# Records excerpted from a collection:
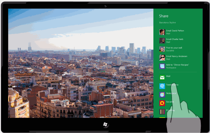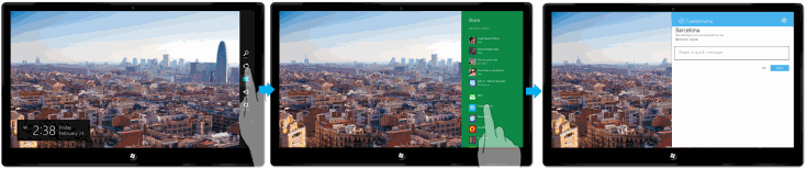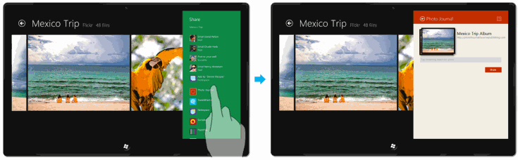 而在Metro風(fēng)格的應(yīng)用當(dāng)中,我們會使用分享契約 。這種技術(shù)方案簡化了設(shè)計與開發(fā)方面的工作,因為我們不需要為用戶有可能用到的社會化服務(wù)而將它們與每個單獨的應(yīng)用都逐一整合起來。不僅是社會化服務(wù),用戶還可以將信息保存共享至平臺上所有那些使用了分享契約的應(yīng)用,而開發(fā)者們則無需擔(dān)心外部服務(wù)的接口問題。站在用戶的角度,他們可以在charms bar這個固定的地方完成有關(guān)分享的操作。
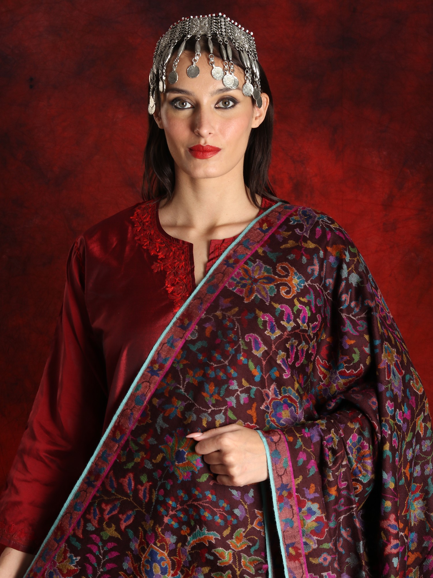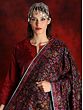 Shawls with patterns that “filled even painters with surprise”, are how the beauty of Kani Pashmina shawls has been expressed by a 15th-century Kashmiri writer, Srivara. Gazing at the marvelous detailing of this pure Pashmina Kani shawl, we know why the poet chose to describe the traditional attire with such high praises. The technique of Kani used in this wine-hued Pashmina is a meticulous work, of tying the silk threads together with the wool to put the patterns in the shawl, during the weaving process itself. The entire field of the Pashmina is covered in bustling blossoms in vibrant colors, taking one to the gardens of Kashmir, from where the charm of Pashmina spreads its fragrance worldwide.
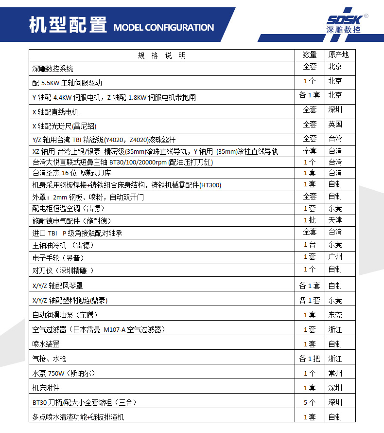 1、SD4500V7-BT40機(jī)型系列是專(zhuān)門(mén)為客戶量身定做的大型型材加工中心; 天車(chē)式結(jié)構(gòu);三軸運(yùn)動(dòng)機(jī)構(gòu)設(shè)計(jì)在橫梁頂部輕巧便捷也方便清理,Y軸機(jī)頭前后移動(dòng),X軸機(jī)頭左右移動(dòng),Z軸主軸上下移動(dòng)。
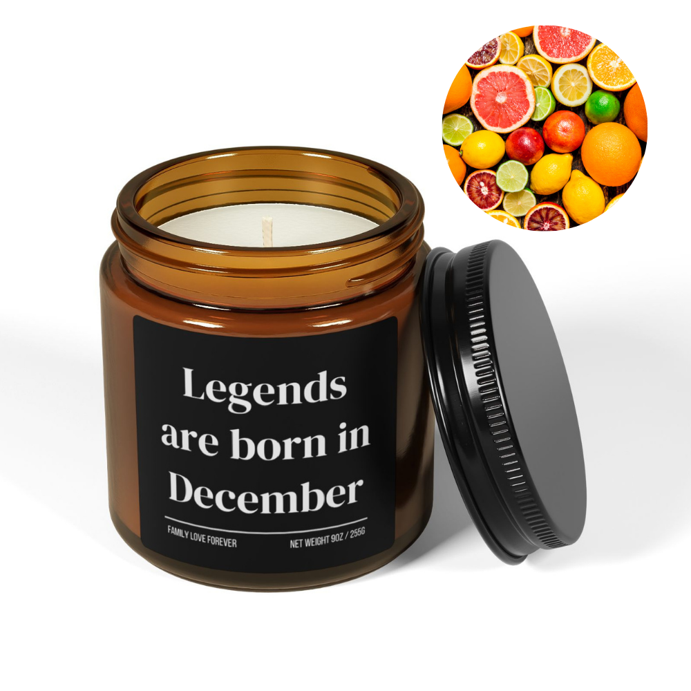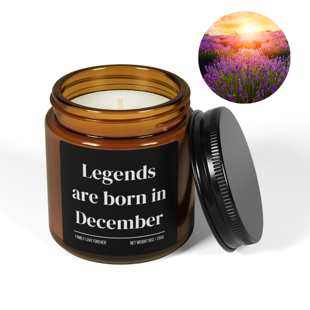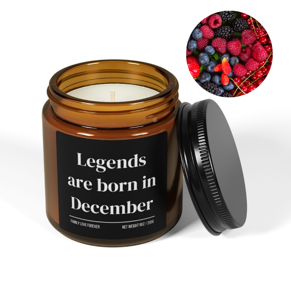 Legends Are Born in December Candle — December Birthday Gift, Hand-Poured Soy Wax
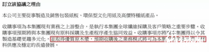 我們從玖龍紙業曾發布的公告里能發現一些蛛絲馬跡,“收購事項為本集團現有業務之上游整合,是執行本集團全球范圍采購及客戶策略的重要步驟。收購事項預期將與本集團現有原料采購及生產程序產生協同效益。同時使集團得以令其制造基礎更趨多元化,并取得優質原木漿,預期收購后的業務模式將為集團提供更可靠的材料供應及穩定的長遠發展。”
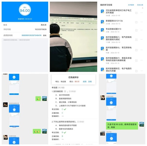 经过四年不懈努力,机电技术系从最早的单招三类上线率远超省录取率,到近两年单招电子电工类、机械类接连实现全员上线、过线率100%。2025年单招考试中,曹建杰同学以730分斩获全省前三;2026年,刘润田同学以715分再创辉煌、续写荣光,同年公办院校上线率达到63.4%。与此同时,崔煜川、王振然、张中奇、李铭辉、李峻锐、赵程旭、刘俊岐等多名同学以全国技能大赛一等奖、二等奖、河北省技能大赛一等奖免试升入大专,李东轩、张浩、李锋等多名学生完成专科学习考入本科院校继续深造。这一成绩的取得,是师生同心、家校协同的结果,更是坚持科学辅导、精准施策的最好见证。

# About this exercise:
Repeat the data above exactly, but not the pictures.

# Result below:
 而在Metro風(fēng)格的應(yīng)用當(dāng)中,我們會使用分享契約 。這種技術(shù)方案簡化了設(shè)計與開發(fā)方面的工作,因為我們不需要為用戶有可能用到的社會化服務(wù)而將它們與每個單獨的應(yīng)用都逐一整合起來。不僅是社會化服務(wù),用戶還可以將信息保存共享至平臺上所有那些使用了分享契約的應(yīng)用,而開發(fā)者們則無需擔(dān)心外部服務(wù)的接口問題。站在用戶的角度,他們可以在charms bar這個固定的地方完成有關(guān)分享的操作。
 Shawls with patterns that “filled even painters with surprise”, are how the beauty of Kani Pashmina shawls has been expressed by a 15th-century Kashmiri writer, Srivara. Gazing at the marvelous detailing of this pure Pashmina Kani shawl, we know why the poet chose to describe the traditional attire with such high praises. The technique of Kani used in this wine-hued Pashmina is a meticulous work, of tying the silk threads together with the wool to put the patterns in the shawl, during the weaving process itself. The entire field of the Pashmina is covered in bustling blossoms in vibrant colors, taking one to the gardens of Kashmir, from where the charm of Pashmina spreads its fragrance worldwide.
 1、SD4500V7-BT40機(jī)型系列是專(zhuān)門(mén)為客戶量身定做的大型型材加工中心; 天車(chē)式結(jié)構(gòu);三軸運(yùn)動(dòng)機(jī)構(gòu)設(shè)計(jì)在橫梁頂部輕巧便捷也方便清理,Y軸機(jī)頭前后移動(dòng),X軸機(jī)頭左右移動(dòng),Z軸主軸上下移動(dòng)。
 Legends Are Born in December Candle — December Birthday Gift, Hand-Poured Soy Wax
 我們從玖龍紙業曾發布的公告里能發現一些蛛絲馬跡,“收購事項為本集團現有業務之上游整合,是執行本集團全球范圍采購及客戶策略的重要步驟。收購事項預期將與本集團現有原料采購及生產程序產生協同效益。同時使集團得以令其制造基礎更趨多元化,并取得優質原木漿,預期收購后的業務模式將為集團提供更可靠的材料供應及穩定的長遠發展。”
 经过四年不懈努力,机电技术系从最早的单招三类上线率远超省录取率,到近两年单招电子电工类、机械类接连实现全员上线、过线率100%。2025年单招考试中,曹建杰同学以730分斩获全省前三;2026年,刘润田同学以715分再创辉煌、续写荣光,同年公办院校上线率达到63.4%。与此同时,崔煜川、王振然、张中奇、李铭辉、李峻锐、赵程旭、刘俊岐等多名同学以全国技能大赛一等奖、二等奖、河北省技能大赛一等奖免试升入大专,李东轩、张浩、李锋等多名学生完成专科学习考入本科院校继续深造。这一成绩的取得,是师生同心、家校协同的结果,更是坚持科学辅导、精准施策的最好见证。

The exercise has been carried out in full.